We will first order the parts by their phase of flight

In [None]:
struck_counts = strike_df.groupby('PHASE_OF_FLIGHT')['struck_parts'].sum().sort_values(ascending=False)
struck_order = struck_counts.index

In [None]:
fig, axes = plt.subplots(figsize=(12, 5), ncols=2)

sns.barplot(data = strike_df, y = 'struck_parts', x = 'PHASE_OF_FLIGHT', ax = axes[0], order = struck_order, estimator = sum)
axes[0].set_xticklabels(axes[0].get_xticklabels(), rotation=45, ha='right')

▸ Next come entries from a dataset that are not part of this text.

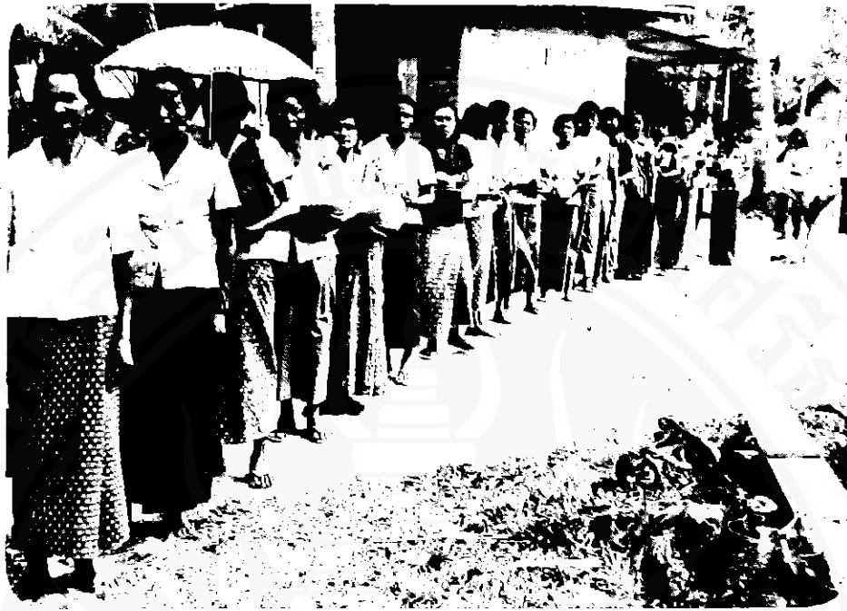
ชาวบ้านจำนวนมาก ถึงบ้านเจ้าสาวในวันแต่งงาน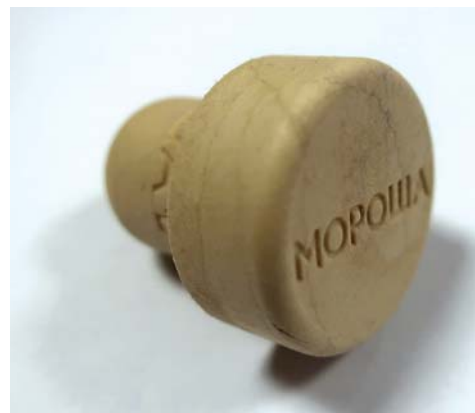
Благодаря Expancel пробки приобретают soft-touch-поверхность и «дорогой» вид

Сотрудники ООО «Лега», безусловно, понимали, что для компаундирования инновационного продукта понадобится оборудование мирового класса. На выставку «Интерпластика-2017» они поехали, поставив себе цель найти поставщика экструзионной установки, которая удовлетворила бы всем требованиям. «Лучшее предложение по исполнению и по цене сделала компания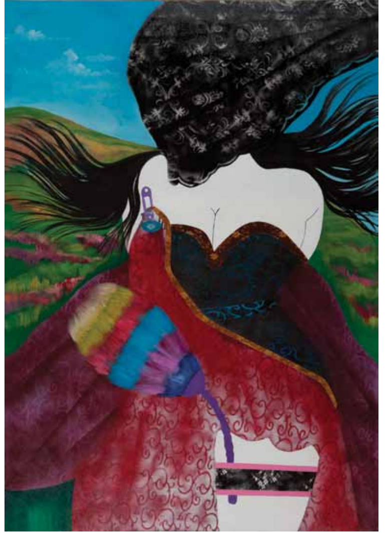
Son Piknik Yemeđi The Last Picnic Meal Tuval üzerine karışık teknik (diptik) Mixed media on canvas (diptich) 140 x 110 cm - 220 x 140 cm / 2012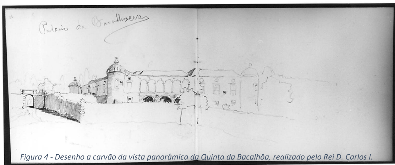
Figura 4 - Desenho a carvão da vista panorâmica da Quinta da Bacalhôa, realizado pelo Rei D. Carlos I.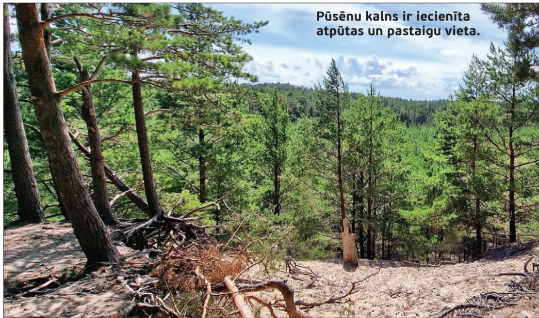
Pūsēnu kalns ir iecienīta atpūtas un pastaigu vieta.

Latvijas Universitātes Eksakto zinātņu un tehnoloģiju fakultātes Ģeoloģijas nodaļa un Ģeogrāfijas nodaļa par 2025. gada ģeovietu nosaukusi Pūsēnu kalnu Nīcas pagastā.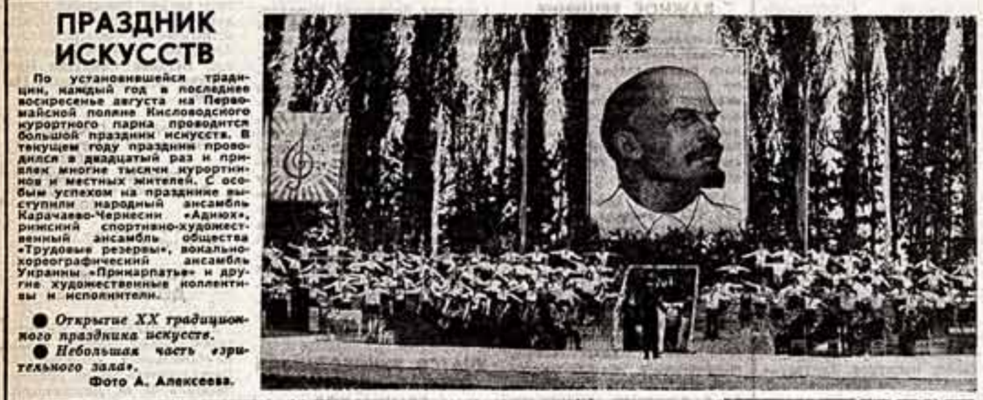
ПРАЗДНИК ИСКУССТВ По установленной традиции, каждый год в последние дни августа на Первомайском поле Исловодского курортного парка проводится большой праздник искусств. В этом году праздника проводился в двадцатый раз и привлек многие тысячи туристов со всей страны и из ближнего зарубежья. С особым успехом на праздник выступили народный ансамбль Кабардино-Черкесии «Аджарский ансамбль спортивно-художественный ансамбль общества «Трудом» Гезерова, фольклорно-хореографический ансамбль Украинцы «Прикарпатье» и другие художественные коллективы и исполнители. ● Открытие XX традиционного праздника искусств. ● Небольшая часть зрительского зала.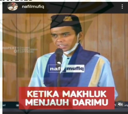
Gambar 4.4 screenshot vidgram @nafilmufiq

Jangan bersedih jika kau didustakan, jangan bersedih jika kau di bunuh karaktermu, jangan berduka cita jika tidak ada manusia yang menerimamu, karena sesungguhnya itu cara Allah menguatkan hatimu, karena dia ingin mengangkat drajatmu menempatkan di tempay yang terpuji.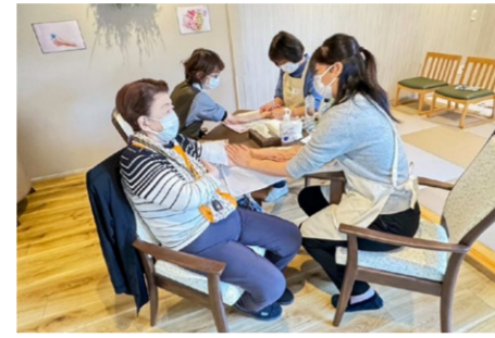
ハンドケアマッサージ 12/8 癒し効果もあるアロマオイルを用いたマッサージは、「ツルツルになって若返った」と大好評でした。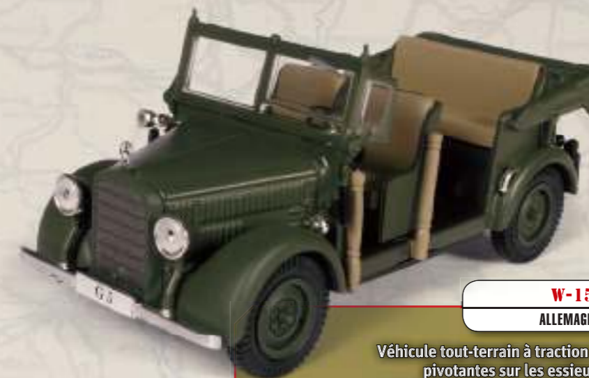
W-152 G5 ALLEMAGNE, 1939

Conçue pour le segment luxe, cette voiture servait au transport des officiers de l'armée allemande, notamment de la Luftwaffe (armée de l'air).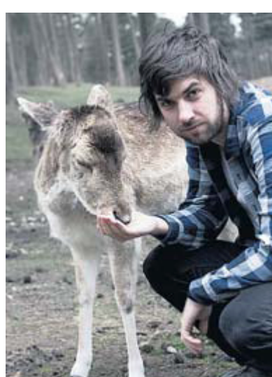
Aufgewachsen im Naturpark: Liedermacher Gregor McEwan.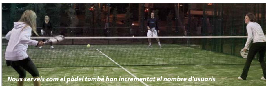
Nous serveis com el pàdel també han incrementat el nombre d'usuaris

Ara més persones tenen la possibilitat de gaudir d'aquestes magnífiques instal·lacions que han millorat la qualitat global del servei que presten.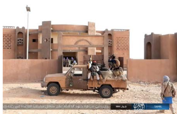
פעילי דאעש במעוזי אלקאעדה בטידרמן (טלגרם, 17 במאי 2023)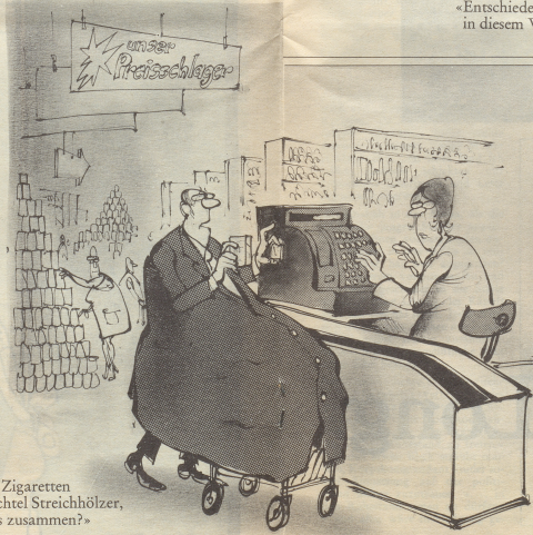
«Ein Päckchen Zigaretten und eine Schachtel Streichhölzer, was macht das zusammen?»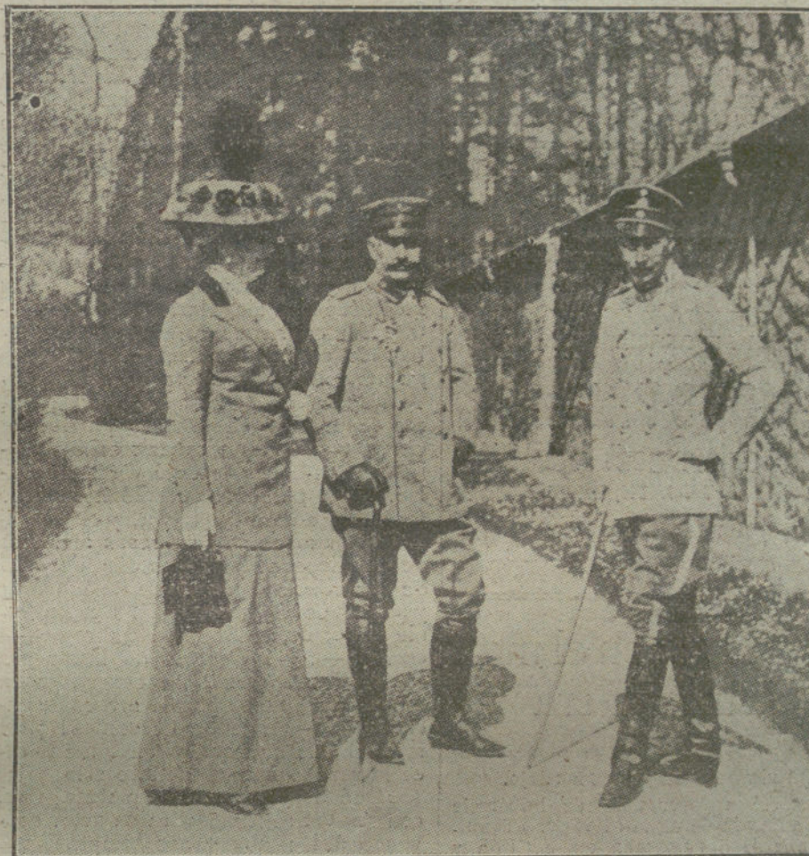
LOS JEFES DE ESTADO EN LA GUERRA. —SS. MM. el Emperador y Emperatriz alemanes en el Cuartel general de su hijo, el Príncipe heredero, en el teatro occidental.

En España no se ha realizado todavía ninguna convulsión intensa que lleve el sello nacional. Nuestras izquierdas se han inspirado en los ideales de Francia y de Inglaterra; han sido revolucionarios españoles con mentalidad extranjera. Examinad a cualquier agitador de las izquierdas y veréis que, más que en necesidades de su país, se basa su revolucionarismo en concepciones de escritores y filósofos extranjeros. Lo nacional no aparece por ninguna parte. El deseo de buscar en las mismas entrañas de la raza los materiales para su trans-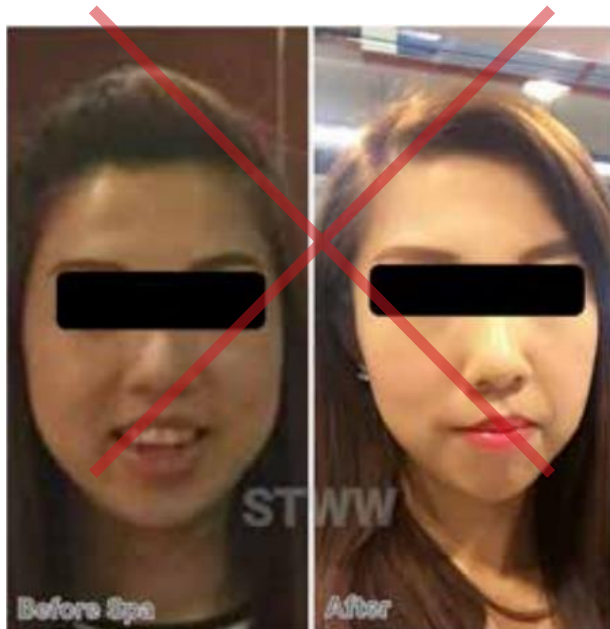
Fotografia je nejednotná. Osvetlenie, mejkap a uhol sú odlišné.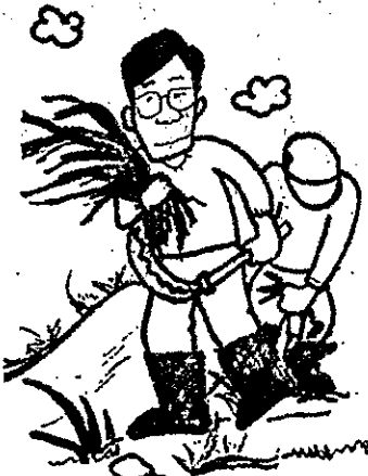
私のアシタはここ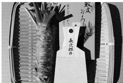
▲1位 伊豆のわさびセットE

sns.barplot(data = strike_df, y = 'damaged_parts', x = 'PHASE_OF_FLIGHT', ax = axes[1], order = struck_order, estimator = sum)
axes[1].set_xticklabels(axes[1].get_xticklabels(), rotation=45, ha='right')

plt.tight_layout()
plt.show()

## 4. Summary - bringing it all together:
>
> * Load your data to GitHub, then read it
> * Look at it using: `len`, `shape`, `info`, `describe`
> * Describe the variables:  
>   * Categorical variables: `countplot`
>   * Numerical variables:  `histplot`, `boxplot`
>   * Statistics: `barplot`
>   * Relationships: `lineplot`,  `stripplot`
>   * Tables for averages, max, min etc.
>   * Do you need to remove outliers? Change labels? Fill missing values?
> * Look for correlations: `corr`, `heatmap`  
> * Visualize the correlations: `scatterplot`
>
>  **Note 1:** These are just examples! There are more ways to visualize  
>  **Note 2:** Sometimes you need to group or filter the data first (or to melt it.. in the next lessons)  
>  **Note 3:** Sometimes presenting is in a table gives the best effect  


  

## 5. Correlation is NOT causation

Sometimes correlation indicates causation. But not always.  
Sometimes there is a hidden variable
Sometimes it just isn't causation: [spurios (meaning false/fake) correlations website](https://www.tylervigen.com/spurious-correlations)

Be Humble. We see things in the data. We report them. We don't know their cause.